How to index pdf, ppt, xl files in lucene (java based or python or php any of these is fine)?_问答_开发者

How to index pdf, ppt, xl files in lucene (java based or python or php any of these is fine)?

开发者 https://www.devze.com 2022-12-26 00:11 出处：网络

Also I want to know how to add meta data while indexing so that i can boost some parameter开发者_运维技巧sThere are several frameworks for extracting text suitable for Lucene indexing from rich text f

Also I want to know how to add meta data while indexing so that i can boost some parameter开发者_运维技巧s

There are several frameworks for extracting text suitable for Lucene indexing from rich text files (pdf, ppt etc.)

One of them is Apache Tika, a sub-project of Lucene.
Apache POI is a more general document handling project inside Apache.
There are also some commercial alternatives.

You can use Apache Tika. Tika is a toolkit for detecting and extracting metadata and structured text content from various documents using existing parser libraries.

Supported Document Formats

HyperText Markup Language
XML and derived formats
Microsoft Office document formats
OpenDocument Format
Portable Document Format
Electronic Publication Format
Rich Text Format
Compression and packaging formats
Text formats
Audio formats
Image formats
Video formats
Java class files and archives
The mbox format

The code will look like this.
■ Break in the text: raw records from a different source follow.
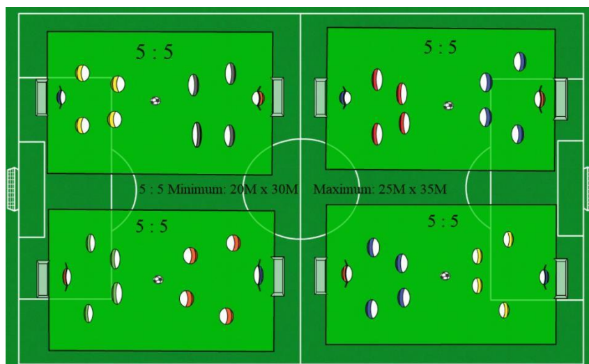
Schema de joc
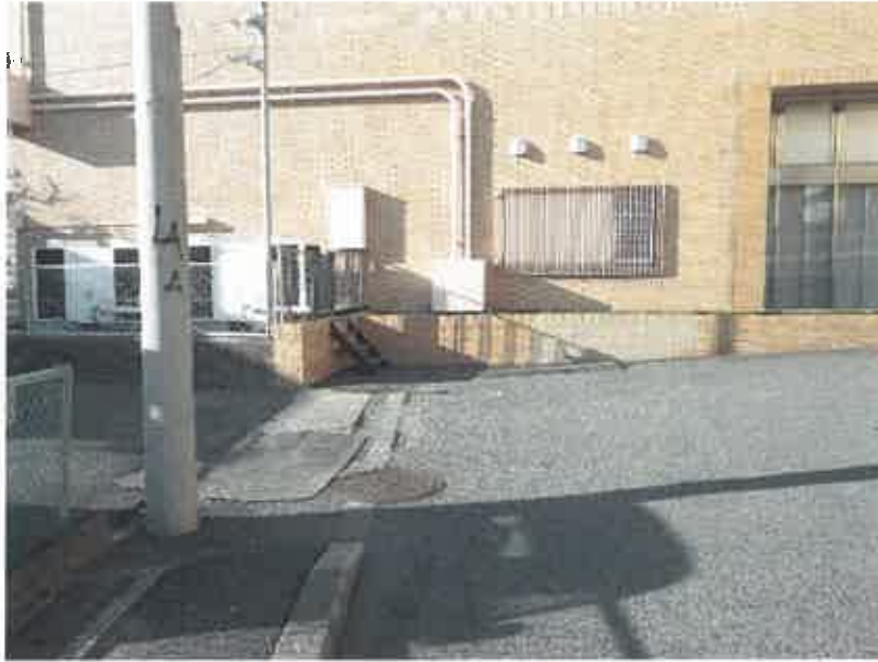
⑤ 現況写真 (2019年2月18日撮影)
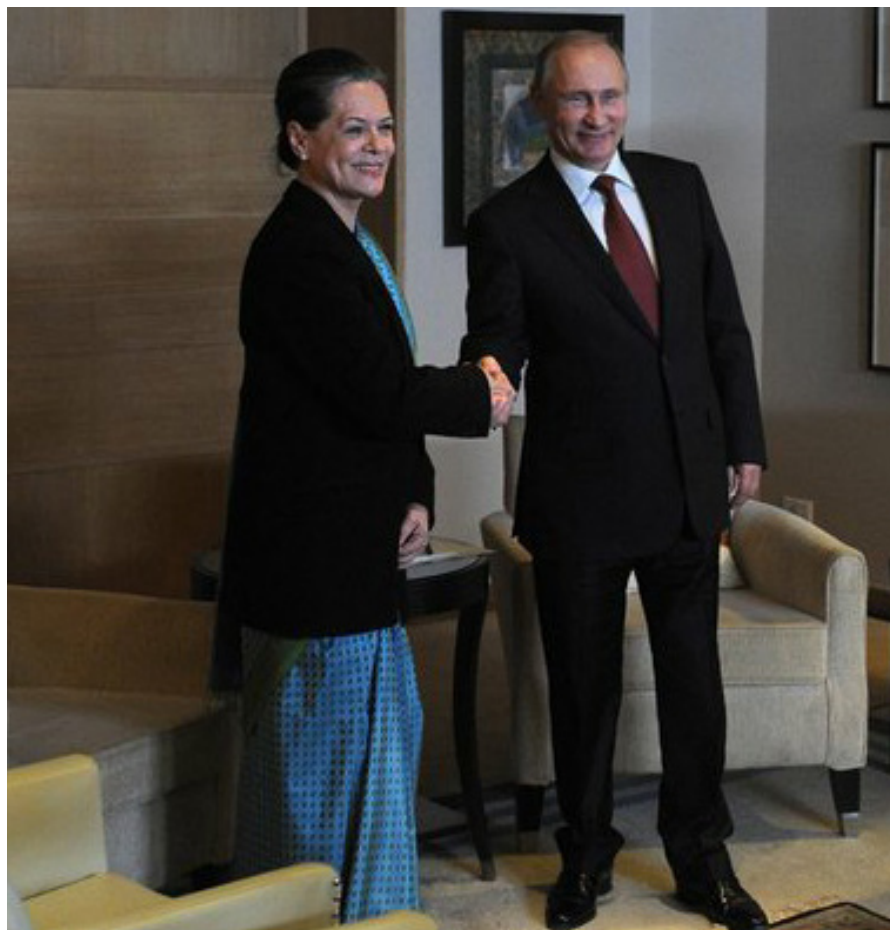
Президент ИНК Соня Ганди с Президентом России В.В.Путиным

зданная с этой целью Рабочая группа подготовит рекомендации по устранению имеющихся барьеров и стимулированию расчетов в национальных валютах. Лидеры согласились, что инициатива Евразийской экономической комиссии и Индии о формировании Совместной исследовательской группы (СИГ) по изучению возможности заключения соглашения о всеобъемлющем экономическом сотрудничестве, охватывающем торговлю товарами, услугами, инвестиционное взаимодействие, передвижение людей и взаимное признание стандартов, имеет огромное значение для двусторонней экономической кооперации. Россия окажет поддержку продуктивной работе СИГ с тем, чтобы данная группа завершила свою работу в оптимальные сроки. Лидеры отме-
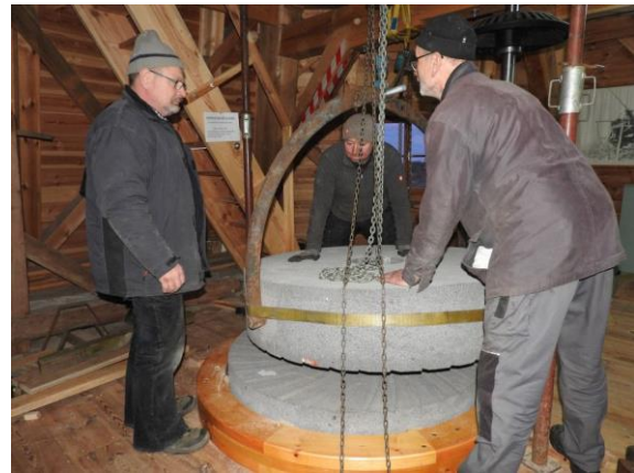
Beim Einbau des Mahlganges im März 2018

Aber auch andere Firmen haben sich um die Mühle große Verdienste erworben, so die Firma EAB Elektroanlagen Schwedt bei der Rekonstruktion des Elektromotors und die Firma RT-Industrieservice, welche die Kugeln und die zugehörigen Achsen für den Drehkranz anfertigte.
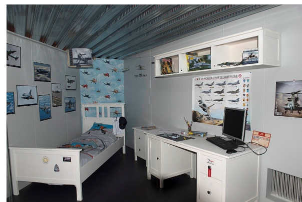
Nouveau hall Cocarde
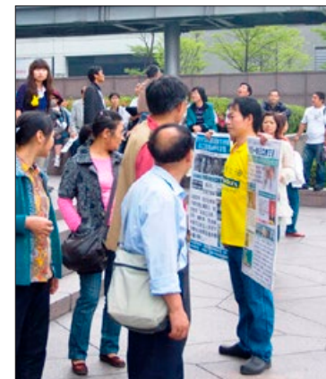
法轮功学员在海外旅游景点向中国大陆游客讲真相。

这是在欧洲某景点上的一段对话。法轮功学员讲真相，是在唤醒良知，救度一方。在灾祸肆虐的今天，当人们在危难中遇难呈祥时，才如梦初醒，才明白法轮功学员用自己的时间和收入，告诉人们真相，是慈悲之心使然，是为了世人有个平安、美好的未来。◇
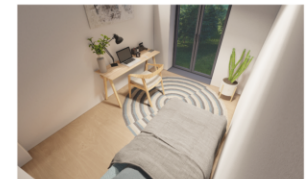
Arbeiten / Gast
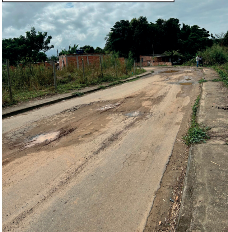
Rua Jandáia será a primeira a receber reparos após vistoria identificar falhas estruturais em pavimentação e drenagem

Na segunda-feira (04), a Prefeitura de Japeri solicitou e acompanhou uma vistoria técnica nas obras de drenagem e pavimentação do bairro Delamare, após identificar diversas falhas estruturais. As intervenções, realizadas pelo Governo do Estado do Rio de Janeiro por meio das empresas Omega e União Norte, foram concluídas em 2024. No entanto, pouco tempo depois, moradores e a própria Prefeitura passaram a notar problemas em vários trechos das vias. Após a vistoria, a Prefeitura notificou o Estado, responsável pela obra, e solicitou a correção imediata dos serviços. A inspeção contou com fiscais estaduais, representantes das empresas
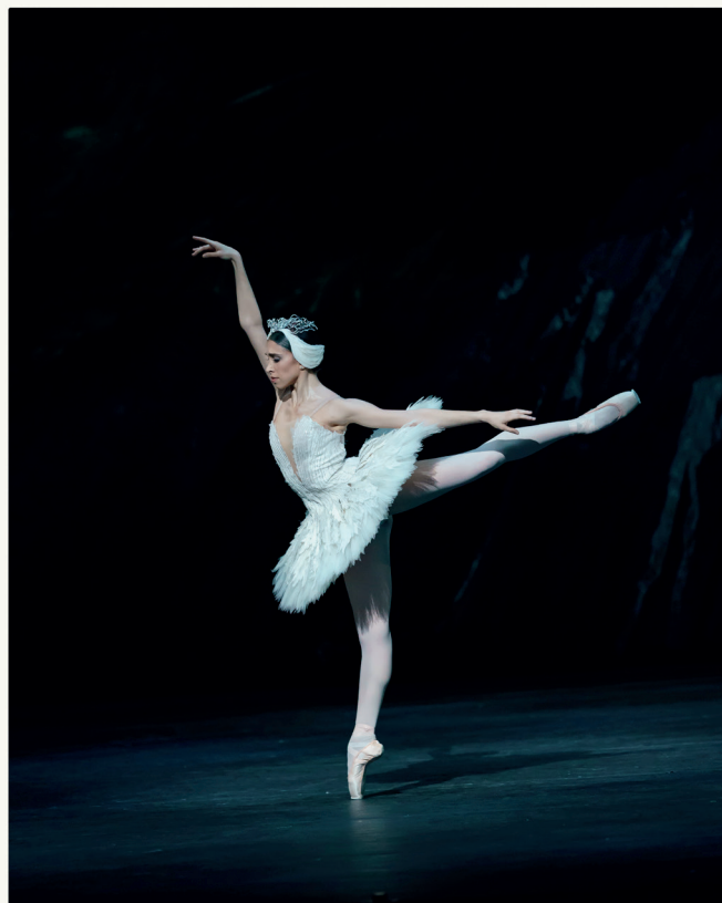
Yasmine Naghdi nel ruolo di Odette in Il Lago dei Cigni, The Royal Ballet

Reader reader = new Tika().parse(stream);

Lucene indexes text not files - you'll need some other process for extracting the text out of the file and running Lucene over that.

see https://github.com/WolfgangFahl/pdfindexer for a java solution that uses PDFBox and Apache Lucene to split the PDF files page by page to text, index these text-pages and create a resulting html index file that links to the pages in the pdf sources by using a corresponding open parameter.